There wasn't a building big enough, or expendable enough, to simulate actually blowing up the castle. Instead, demolitions refresher training concentrated more on the theoretical: dust initiators, expedient timing devices, local manufacture of high explosives, and such.
"What good does it do to know how to make triacetone- triperoxide, when there isn't going to be any in the castle?" Hamilton asked. "What is the logic of using low explosives—or even high explosives—when they might do no more than release the agent?"
"Mr. Caruthers insisted on a full refresher course, Mr. Hamilton," the explosives instructor, a Dr. Richter, said. "We follow orders. How you come up with the material, is up to you."
"It's box of rocks, stupid. And this shit"—Hamilton's finger pointed at a small cone of what looked to be a very damp white powder— "doesn't release any heat. It couldn't destroy the virus if I used two hundred tons of it."
"I need a nuke," Hamilton said. "Nothing else will work."
"No nukes. I've explained why."
"C'mon, Caruthers, you . . . or your bosses, are being ridiculous. Any attempt at destroying the VA5H without a nuke is just as likely to release it."
"Any attempt at nuking it, if there is another supply somewhere, is just as likely to get it released as simply cracking the castle would."
"Fuck."
"Fuck," Caruthers agreed.
"We need to talk to Mary."
"Talk to me about transportation," Hamilton said. "Safe transportation. Talk to me about how long it would take to make a vaccine if we had a sample of the virus."
"We could give you a general purpose containment unit, small enough to carry, cold enough to keep the virus inactive, and large enough to hold any likely container you might find the virus in," Mary answered. "But the risks . . . "
"John," Carut
hers said, "if you got caught and engaged . . . if the containment unit were breached . . . we're talking end of the world here."

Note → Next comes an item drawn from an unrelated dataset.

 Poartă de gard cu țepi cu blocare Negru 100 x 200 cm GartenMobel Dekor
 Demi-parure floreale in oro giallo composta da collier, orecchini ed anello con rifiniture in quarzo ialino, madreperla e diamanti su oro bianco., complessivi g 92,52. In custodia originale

"We're talking end of the world anyway. This way we might have a chance of preventing that." Hamilton turned his attention back to Mary. "How long to manufacture a vaccine?"

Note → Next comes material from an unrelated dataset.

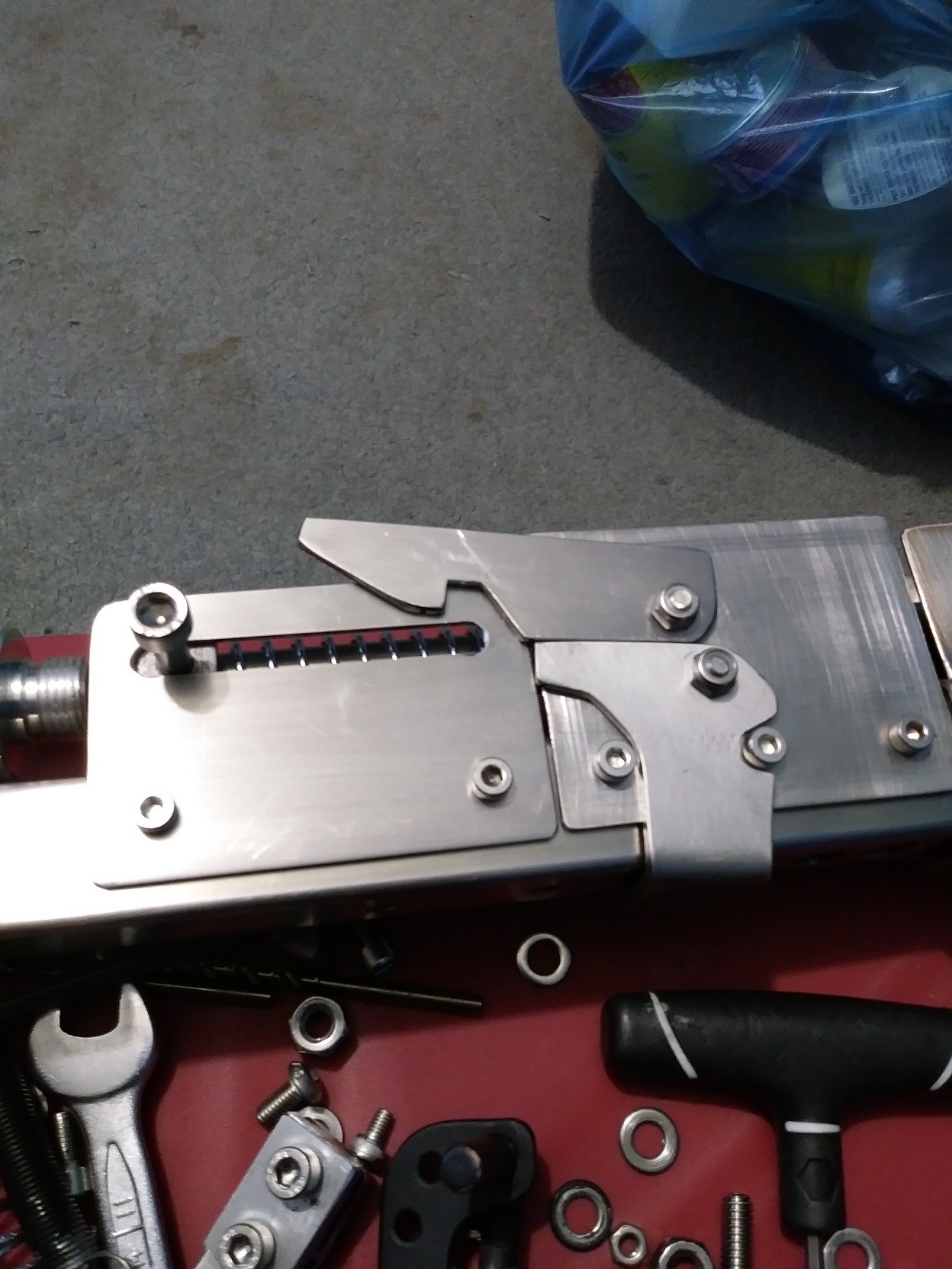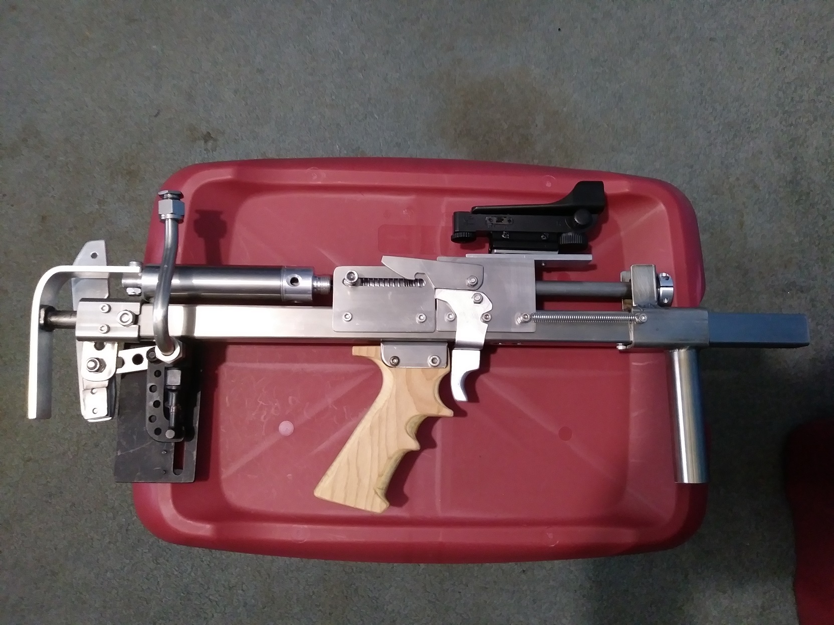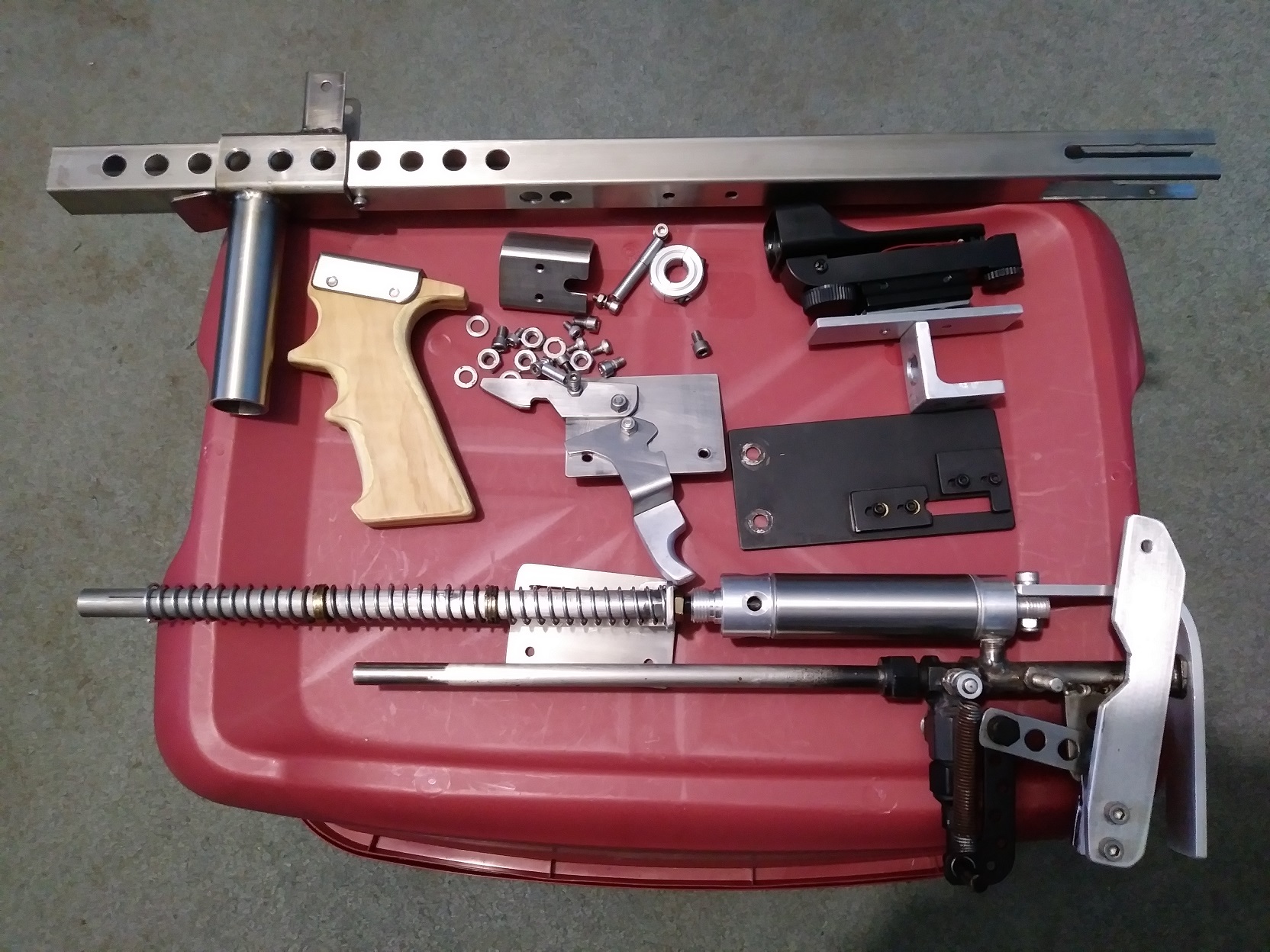 A bit of progress, bracket in the middle is for the grip, sprig guide needs a locking collar for the charge handle to push on, trigger not figured out yet or linkage to rear to load.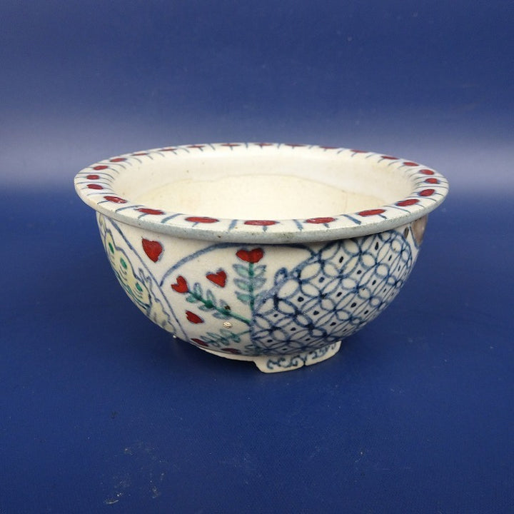 【中古】盆栽鉢 たかこ 大吉窯 小鉢 長辺 約9cm 丸鉢 外縁 色絵 ハート 稲穂 箱付 現品 中古鉢 商 品 名たかこ サ イ ズ高さ 約4.3センチ...

"Full court press? Even assuming it can be done . . . maybe six weeks. Maybe a little less. But what difference would that make? Meara, Sanders and Johnston could simply—well, not 'simply'; but still they could—modify the virus to some other configuration."

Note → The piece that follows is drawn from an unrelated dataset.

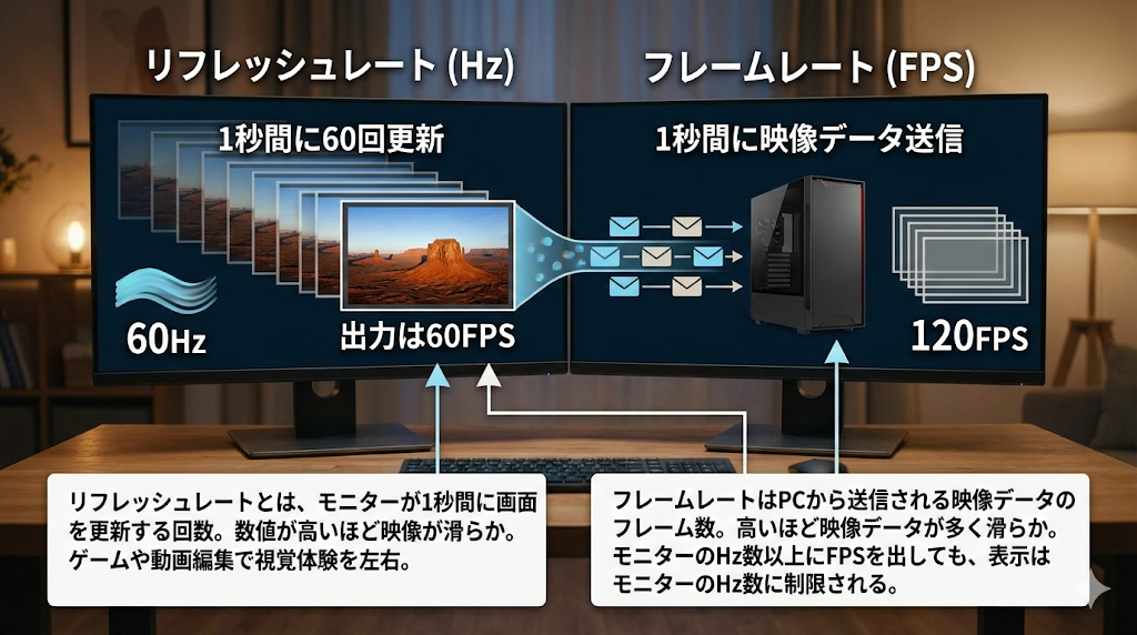 リフレッシュレートとフレームレートは似ていますが、モニターが対応するリフレッシュレート以上のフレームレートを出力しても、映像はモニターのリフレッシュレートに制限されます。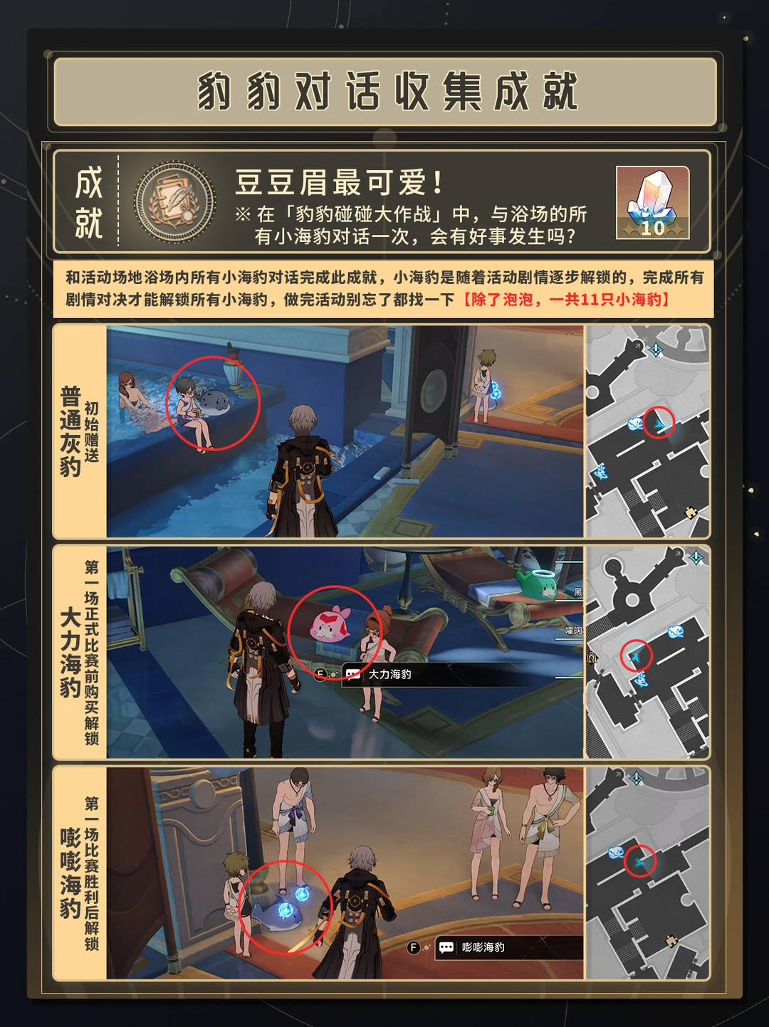 在「豹豹碰碰大作战」中,与浴场的所有小海豹对话一次,会有好事发生吗?

Caruthers smiled cynically. "Mary, it isn't like John is going to leave them there alive. He'll either bring them back or . . . "
Her eyes grew wide. After all, she knew one of them. But . . . "Oh. Yes, I suppose that makes sense."
"No, Mr. Hamilton, not like that. Didn't you learn anything when you were among the heathen in the Philippines? You must remember to sit without pointing the soles of your feet at anyone more important than a servant."
Wearily, Hamilton stood in front of the large tray of kibsa, a rice- and, in this case, lamb-based dish, and sat again, this time tucking his legs under him in such a way—and a damned uncomfortable way it was, too—without pointing the soles of his feet anywhere but behind him.
"Much better. We'll practice that more later but for now let's try the kibsa while it's still hot."
The instructor reached out one hand, saying, "There are a number of ways to do this, all more or less correct. We'll begin with the classic method, the one that prevails over most of the Arabian Peninsula." Palm down, using his right hand, the instructor bent his fingers and dug them into the mass of steaming rice. He then closed his fist, causing a wash of gooey, yogurt-based sauce to run through his fingers and out each side of the cup of his hand. He continued to press until the mass of rice and lamb was compressed into a small ball about and inch and a quarter in diameter. This he then popped into his mouth.
"Your turn," he said to Hamilton, once he'd swallowed the ball.
The instructor saw Hamilton reaching out with his left hand and, quick as a snake, grabbed a long pointer and used it to rap Hamilton's knuckles. "Never," he said, "never, reach for or take anything with your left hand."